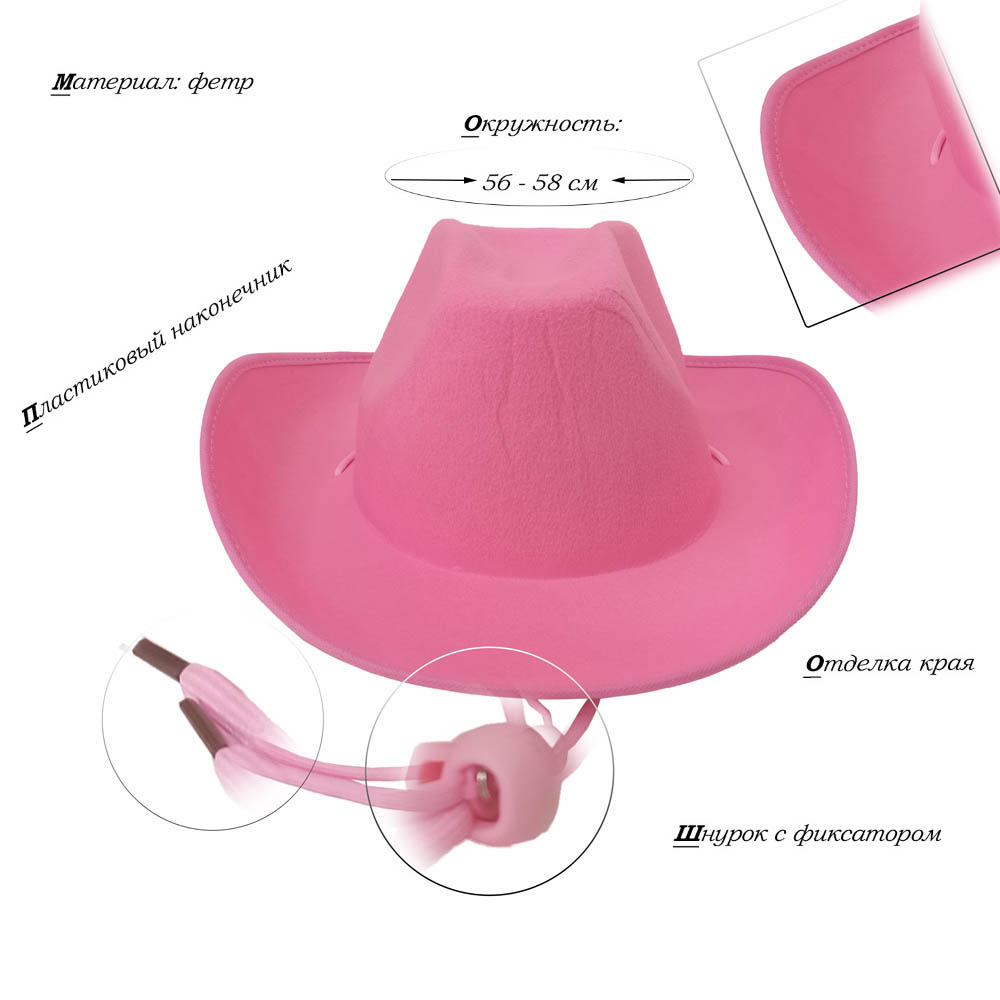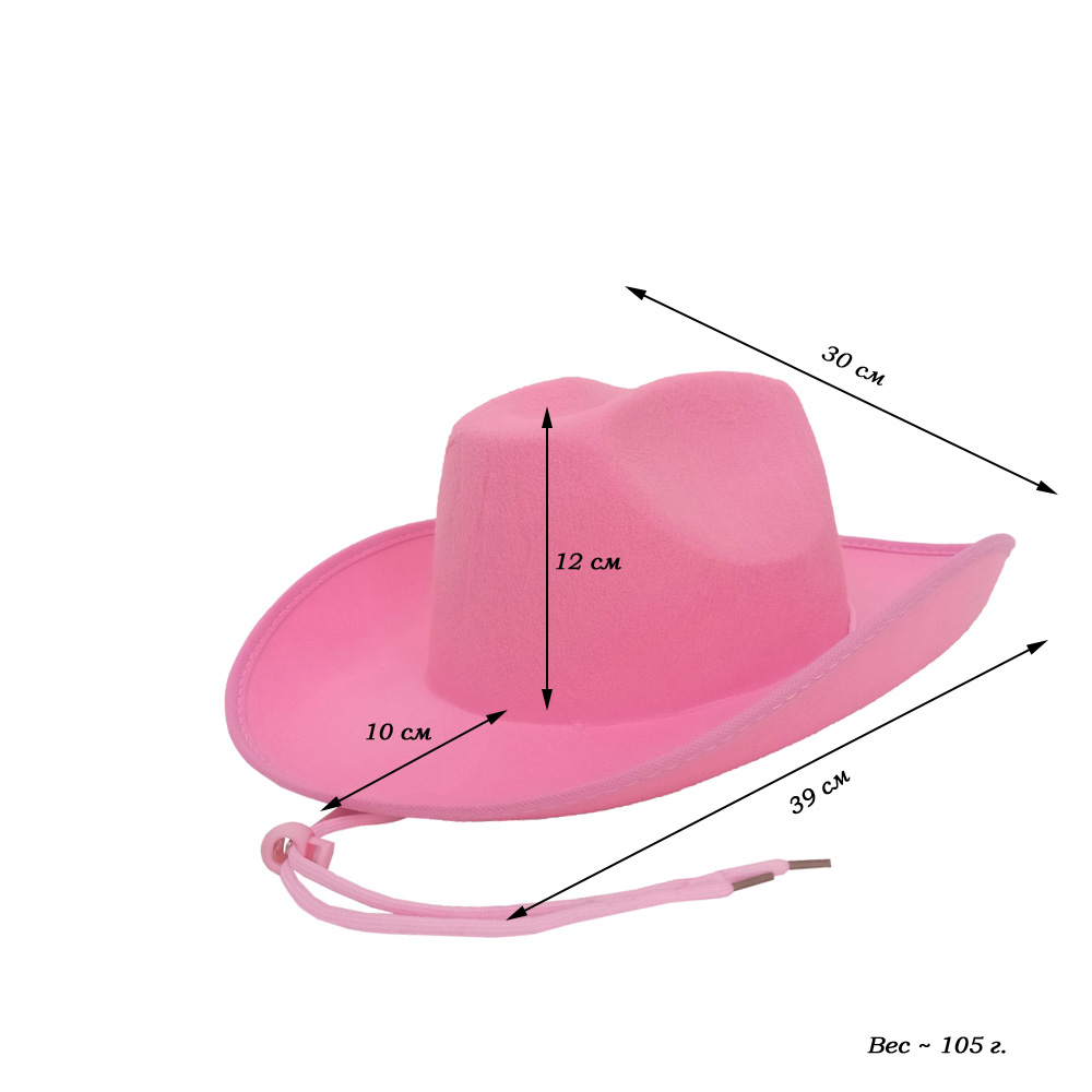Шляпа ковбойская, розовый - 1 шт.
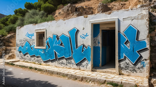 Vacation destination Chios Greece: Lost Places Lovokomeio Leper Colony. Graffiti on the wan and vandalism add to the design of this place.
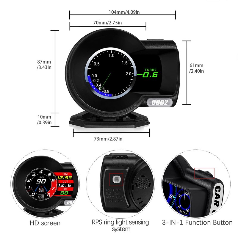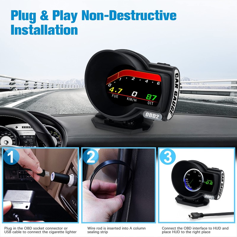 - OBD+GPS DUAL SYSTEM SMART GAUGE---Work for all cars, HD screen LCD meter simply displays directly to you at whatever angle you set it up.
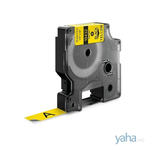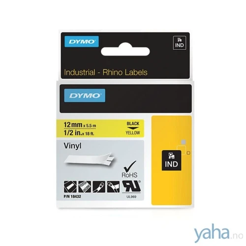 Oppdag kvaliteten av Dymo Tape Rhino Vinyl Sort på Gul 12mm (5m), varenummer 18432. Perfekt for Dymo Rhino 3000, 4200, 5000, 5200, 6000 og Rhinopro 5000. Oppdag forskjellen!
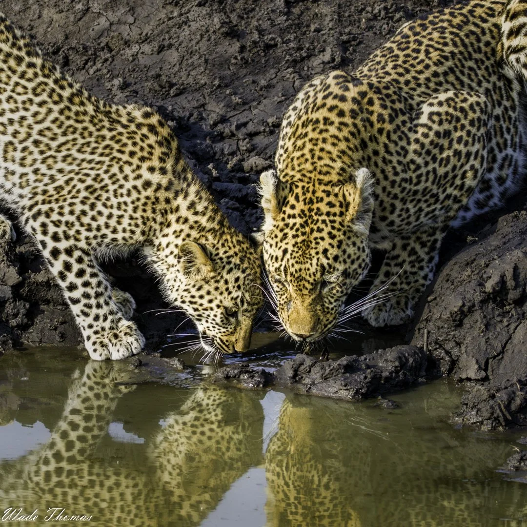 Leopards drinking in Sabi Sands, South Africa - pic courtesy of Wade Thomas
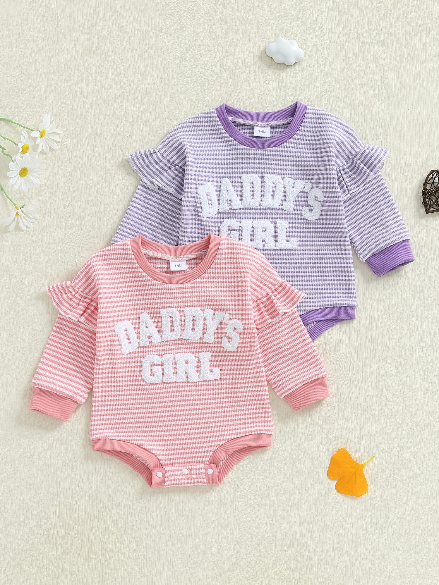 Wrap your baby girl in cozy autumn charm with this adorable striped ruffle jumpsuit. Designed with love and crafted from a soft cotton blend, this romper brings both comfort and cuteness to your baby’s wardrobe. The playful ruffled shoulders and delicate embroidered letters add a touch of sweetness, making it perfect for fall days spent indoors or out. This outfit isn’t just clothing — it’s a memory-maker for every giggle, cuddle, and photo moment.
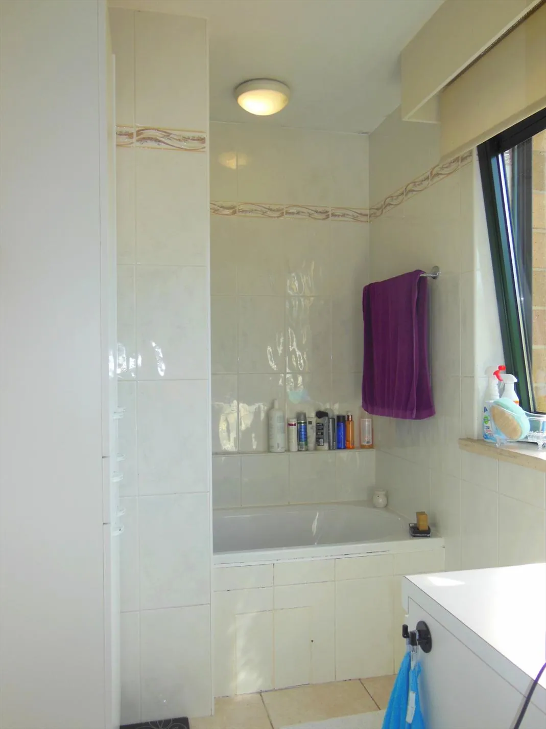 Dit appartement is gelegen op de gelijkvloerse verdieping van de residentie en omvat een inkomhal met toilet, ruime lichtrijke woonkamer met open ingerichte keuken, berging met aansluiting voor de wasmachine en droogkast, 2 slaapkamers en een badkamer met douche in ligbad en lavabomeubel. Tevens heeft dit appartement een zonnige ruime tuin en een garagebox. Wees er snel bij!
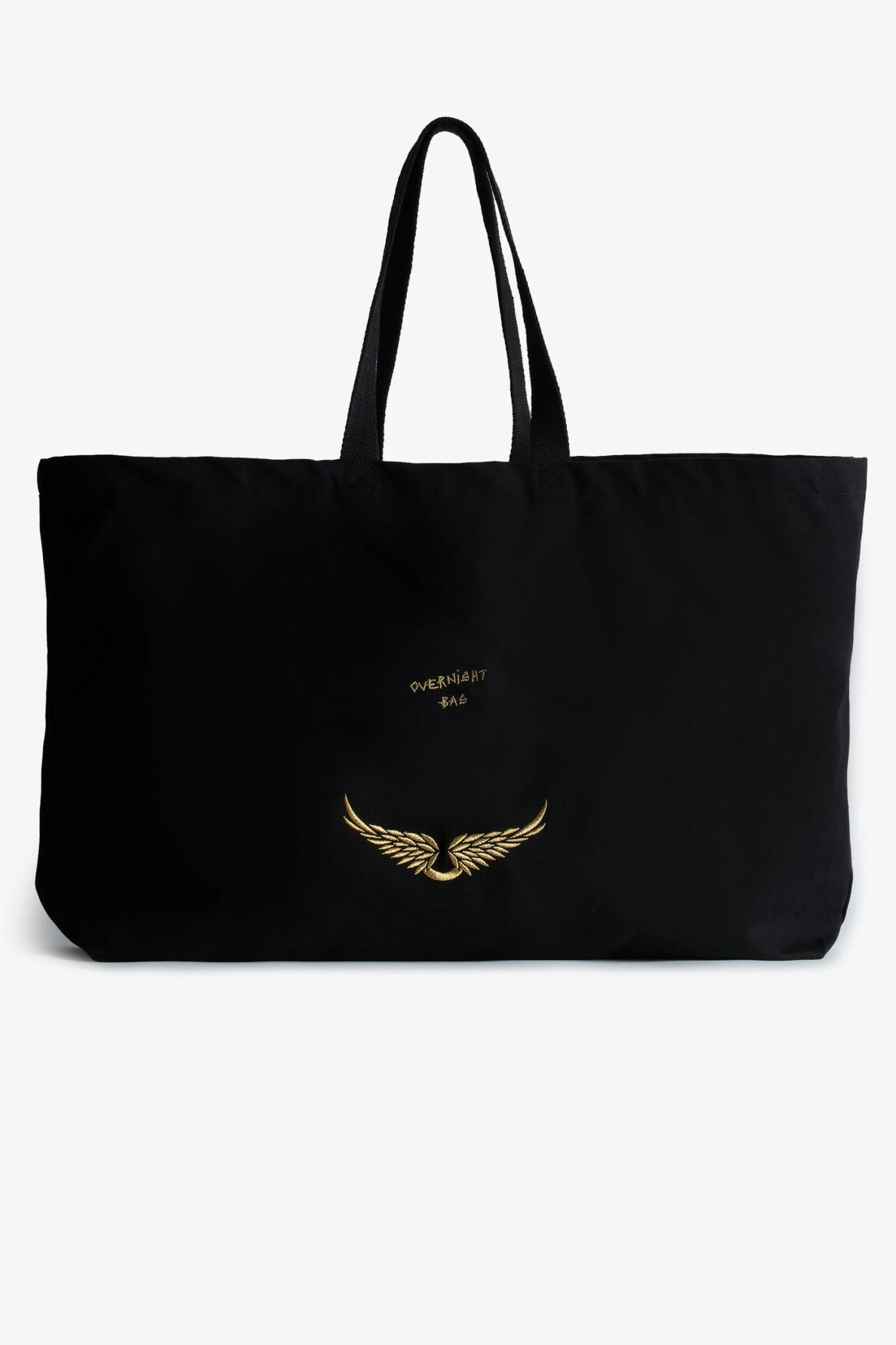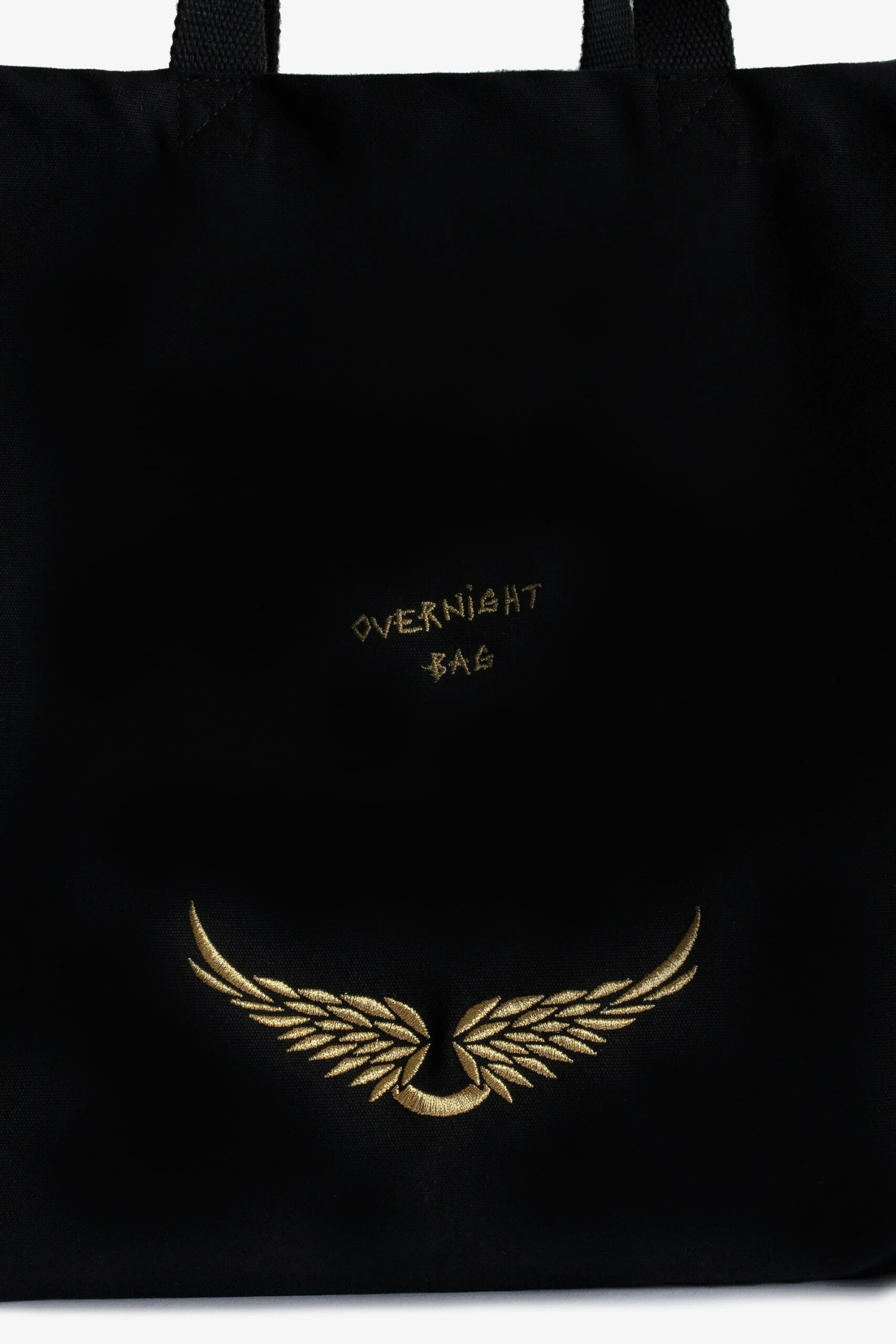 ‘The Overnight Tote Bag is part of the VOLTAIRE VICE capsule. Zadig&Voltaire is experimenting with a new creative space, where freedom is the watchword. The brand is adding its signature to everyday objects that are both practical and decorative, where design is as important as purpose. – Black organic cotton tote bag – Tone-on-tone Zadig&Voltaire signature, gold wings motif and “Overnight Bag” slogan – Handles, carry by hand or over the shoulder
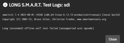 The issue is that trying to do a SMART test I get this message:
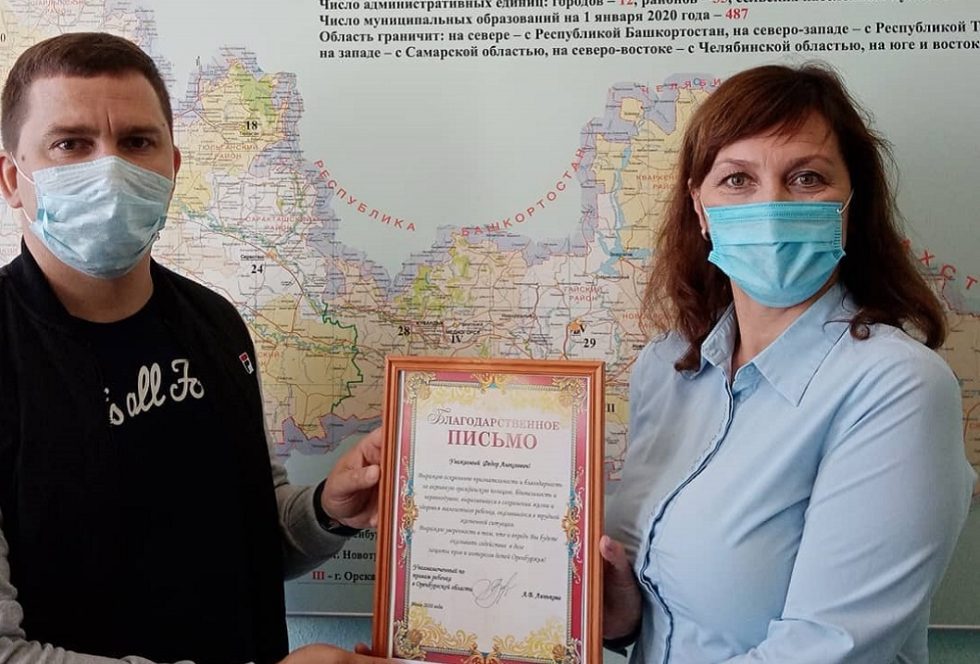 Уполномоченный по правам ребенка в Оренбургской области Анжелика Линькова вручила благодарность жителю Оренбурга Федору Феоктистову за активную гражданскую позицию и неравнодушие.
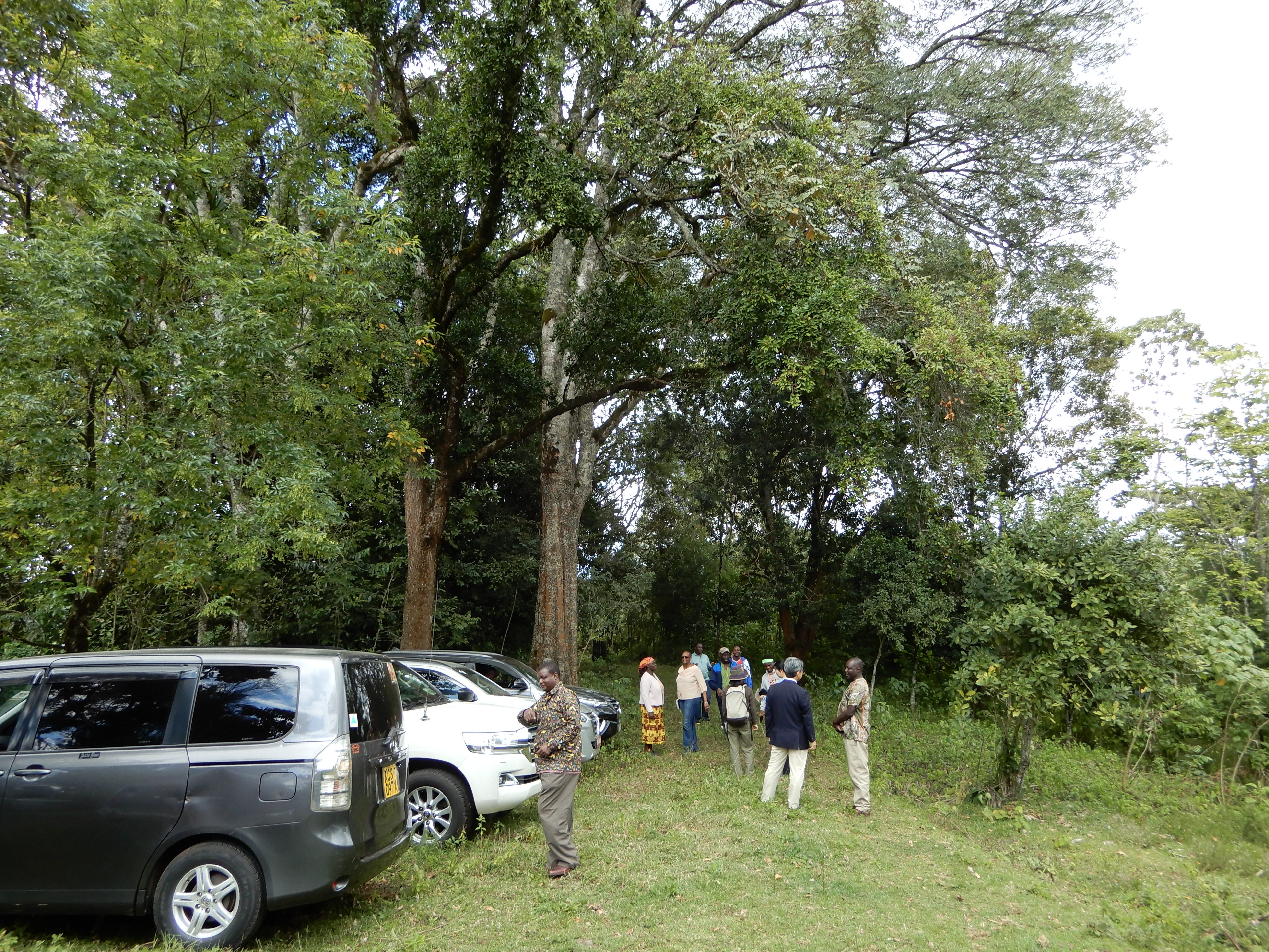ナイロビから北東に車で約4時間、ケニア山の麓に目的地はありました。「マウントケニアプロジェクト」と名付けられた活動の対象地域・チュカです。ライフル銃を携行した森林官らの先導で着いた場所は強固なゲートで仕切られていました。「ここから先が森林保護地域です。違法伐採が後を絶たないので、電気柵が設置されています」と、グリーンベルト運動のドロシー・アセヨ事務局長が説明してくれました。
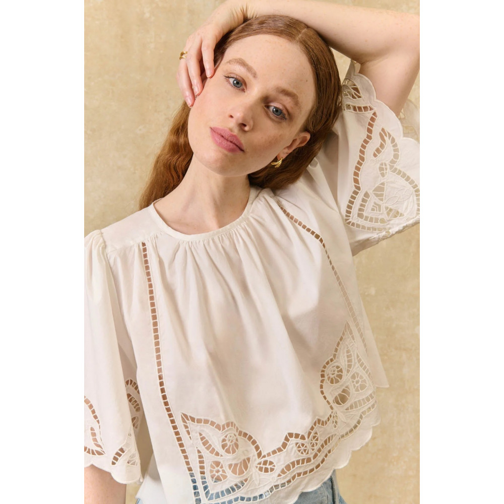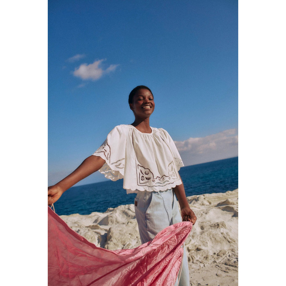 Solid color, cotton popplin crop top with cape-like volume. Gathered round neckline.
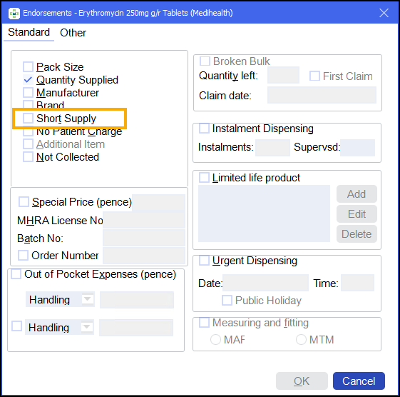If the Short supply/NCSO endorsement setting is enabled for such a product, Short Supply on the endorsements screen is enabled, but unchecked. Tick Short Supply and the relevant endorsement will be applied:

→ WORK INSTRUCTIONS
Give back exactly, and only, the lines from the one holding "The issue is" through the last line of the entries, with every picture omitted.

→ ANSWER SPACE
 The issue is that trying to do a SMART test I get this message:
 Уполномоченный по правам ребенка в Оренбургской области Анжелика Линькова вручила благодарность жителю Оренбурга Федору Феоктистову за активную гражданскую позицию и неравнодушие.
ナイロビから北東に車で約4時間、ケニア山の麓に目的地はありました。「マウントケニアプロジェクト」と名付けられた活動の対象地域・チュカです。ライフル銃を携行した森林官らの先導で着いた場所は強固なゲートで仕切られていました。「ここから先が森林保護地域です。違法伐採が後を絶たないので、電気柵が設置されています」と、グリーンベルト運動のドロシー・アセヨ事務局長が説明してくれました。
 Solid color, cotton popplin crop top with cape-like volume. Gathered round neckline.
If the Short supply/NCSO endorsement setting is enabled for such a product, Short Supply on the endorsements screen is enabled, but unchecked. Tick Short Supply and the relevant endorsement will be applied:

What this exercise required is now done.